[AIM OF THE EXERCISE] Among the entries that follow, locate the line with "また、東京の下町エリアならで" and the line with "液体 柔軟剤 根本消臭+抗菌バリア". Output those lines and all lines in between, exactly, minus the pictures.

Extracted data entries

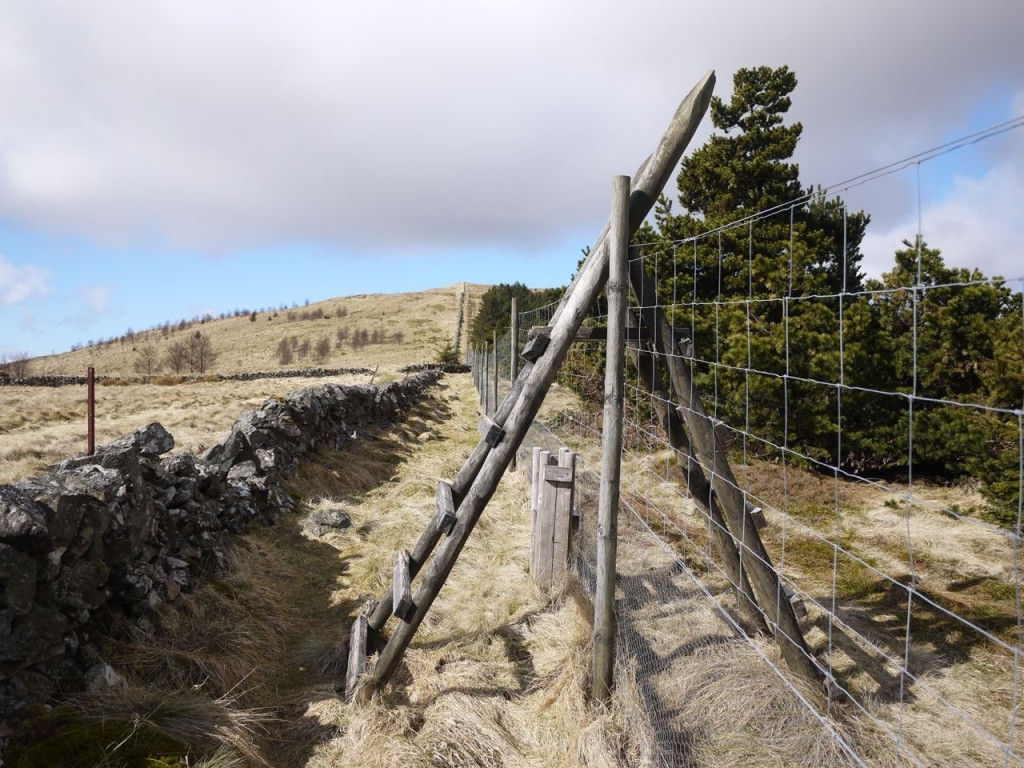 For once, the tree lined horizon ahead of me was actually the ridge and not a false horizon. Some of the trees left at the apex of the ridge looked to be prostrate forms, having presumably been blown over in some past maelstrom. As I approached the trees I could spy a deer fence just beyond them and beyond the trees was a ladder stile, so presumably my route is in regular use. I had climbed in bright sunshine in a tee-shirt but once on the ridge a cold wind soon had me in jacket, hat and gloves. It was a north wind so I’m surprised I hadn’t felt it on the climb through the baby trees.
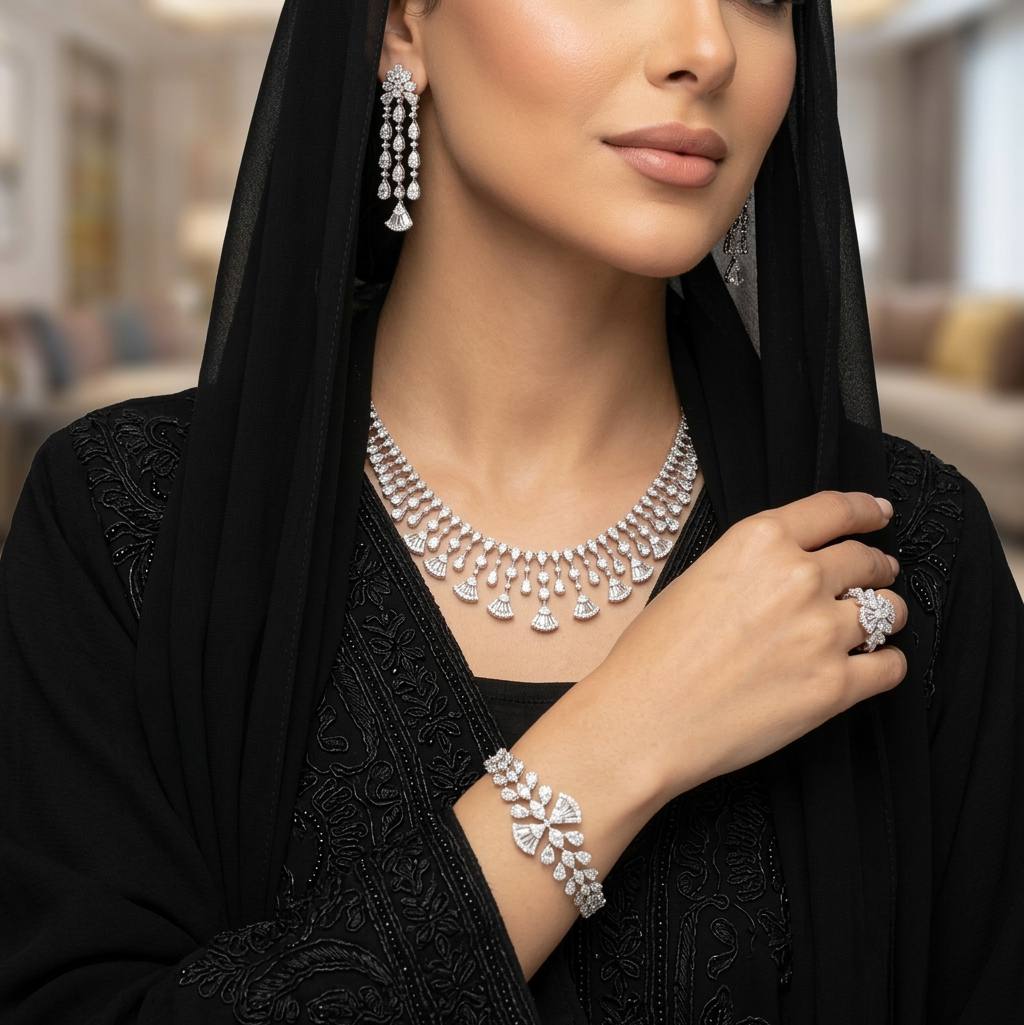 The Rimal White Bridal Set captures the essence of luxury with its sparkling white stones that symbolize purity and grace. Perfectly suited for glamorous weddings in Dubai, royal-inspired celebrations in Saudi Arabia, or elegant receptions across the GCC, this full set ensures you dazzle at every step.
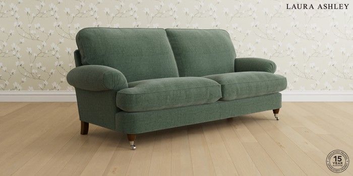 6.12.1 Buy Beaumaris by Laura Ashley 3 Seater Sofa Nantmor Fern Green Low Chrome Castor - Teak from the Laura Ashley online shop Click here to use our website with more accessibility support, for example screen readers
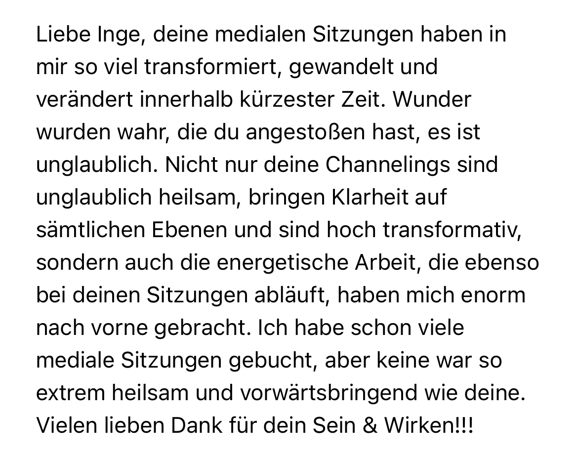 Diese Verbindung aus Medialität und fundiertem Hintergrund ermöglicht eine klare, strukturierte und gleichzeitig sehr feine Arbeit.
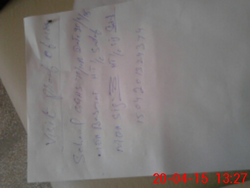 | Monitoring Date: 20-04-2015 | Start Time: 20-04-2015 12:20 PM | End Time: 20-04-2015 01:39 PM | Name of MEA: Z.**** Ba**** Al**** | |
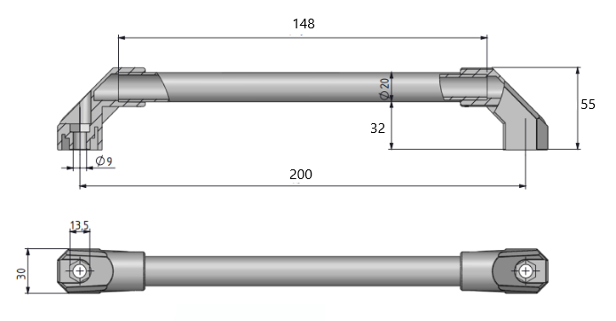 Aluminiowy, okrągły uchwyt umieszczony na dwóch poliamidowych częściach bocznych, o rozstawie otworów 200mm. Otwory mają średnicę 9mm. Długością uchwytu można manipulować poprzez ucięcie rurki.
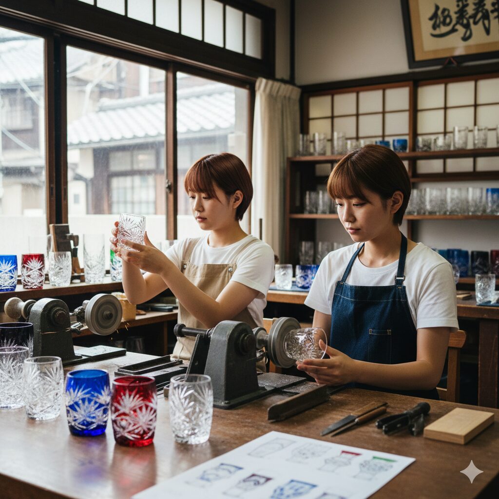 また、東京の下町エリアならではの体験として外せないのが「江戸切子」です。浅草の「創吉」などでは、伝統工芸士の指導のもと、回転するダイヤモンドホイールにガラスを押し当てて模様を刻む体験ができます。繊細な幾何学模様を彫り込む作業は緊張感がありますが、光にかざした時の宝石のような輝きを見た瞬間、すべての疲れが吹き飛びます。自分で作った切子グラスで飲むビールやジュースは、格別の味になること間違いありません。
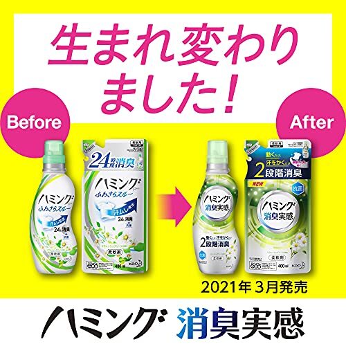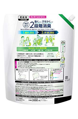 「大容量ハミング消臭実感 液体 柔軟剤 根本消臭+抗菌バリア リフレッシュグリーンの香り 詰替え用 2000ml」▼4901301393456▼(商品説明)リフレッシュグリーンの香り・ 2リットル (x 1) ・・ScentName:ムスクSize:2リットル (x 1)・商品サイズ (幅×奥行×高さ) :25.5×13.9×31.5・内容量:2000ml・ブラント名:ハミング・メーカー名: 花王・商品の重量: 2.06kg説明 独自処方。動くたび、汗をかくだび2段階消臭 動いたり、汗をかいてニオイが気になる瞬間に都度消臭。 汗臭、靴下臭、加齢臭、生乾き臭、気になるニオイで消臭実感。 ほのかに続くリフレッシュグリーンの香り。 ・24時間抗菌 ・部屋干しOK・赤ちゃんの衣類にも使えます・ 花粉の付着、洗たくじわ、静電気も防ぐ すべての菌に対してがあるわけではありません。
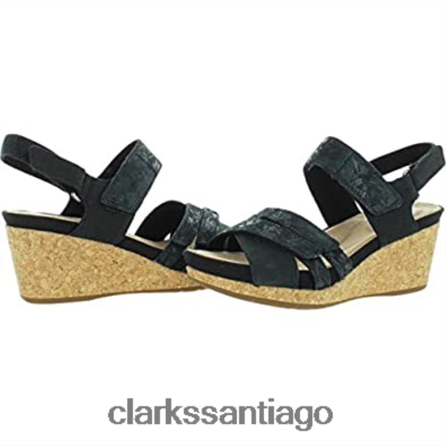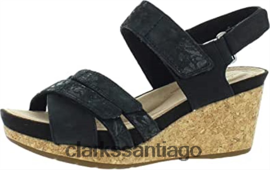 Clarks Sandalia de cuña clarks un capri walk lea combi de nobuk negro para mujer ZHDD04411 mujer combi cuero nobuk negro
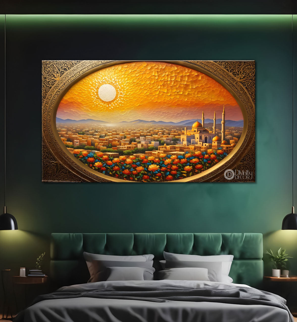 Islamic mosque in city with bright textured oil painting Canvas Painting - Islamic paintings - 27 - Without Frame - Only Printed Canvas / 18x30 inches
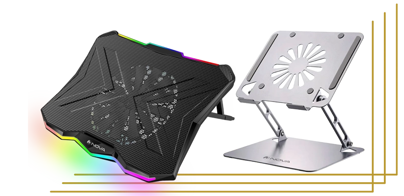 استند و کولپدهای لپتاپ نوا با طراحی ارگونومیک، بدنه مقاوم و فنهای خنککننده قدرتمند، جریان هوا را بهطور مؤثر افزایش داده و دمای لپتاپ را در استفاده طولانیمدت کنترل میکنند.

[SOLVED EXERCISE]
 また、東京の下町エリアならではの体験として外せないのが「江戸切子」です。浅草の「創吉」などでは、伝統工芸士の指導のもと、回転するダイヤモンドホイールにガラスを押し当てて模様を刻む体験ができます。繊細な幾何学模様を彫り込む作業は緊張感がありますが、光にかざした時の宝石のような輝きを見た瞬間、すべての疲れが吹き飛びます。自分で作った切子グラスで飲むビールやジュースは、格別の味になること間違いありません。
 「大容量ハミング消臭実感 液体 柔軟剤 根本消臭+抗菌バリア リフレッシュグリーンの香り 詰替え用 2000ml」▼4901301393456▼(商品説明)リフレッシュグリーンの香り・ 2リットル (x 1) ・・ScentName:ムスクSize:2リットル (x 1)・商品サイズ (幅×奥行×高さ) :25.5×13.9×31.5・内容量:2000ml・ブラント名:ハミング・メーカー名: 花王・商品の重量: 2.06kg説明 独自処方。動くたび、汗をかくだび2段階消臭 動いたり、汗をかいてニオイが気になる瞬間に都度消臭。 汗臭、靴下臭、加齢臭、生乾き臭、気になるニオイで消臭実感。 ほのかに続くリフレッシュグリーンの香り。 ・24時間抗菌 ・部屋干しOK・赤ちゃんの衣類にも使えます・ 花粉の付着、洗たくじわ、静電気も防ぐ すべての菌に対してがあるわけではありません。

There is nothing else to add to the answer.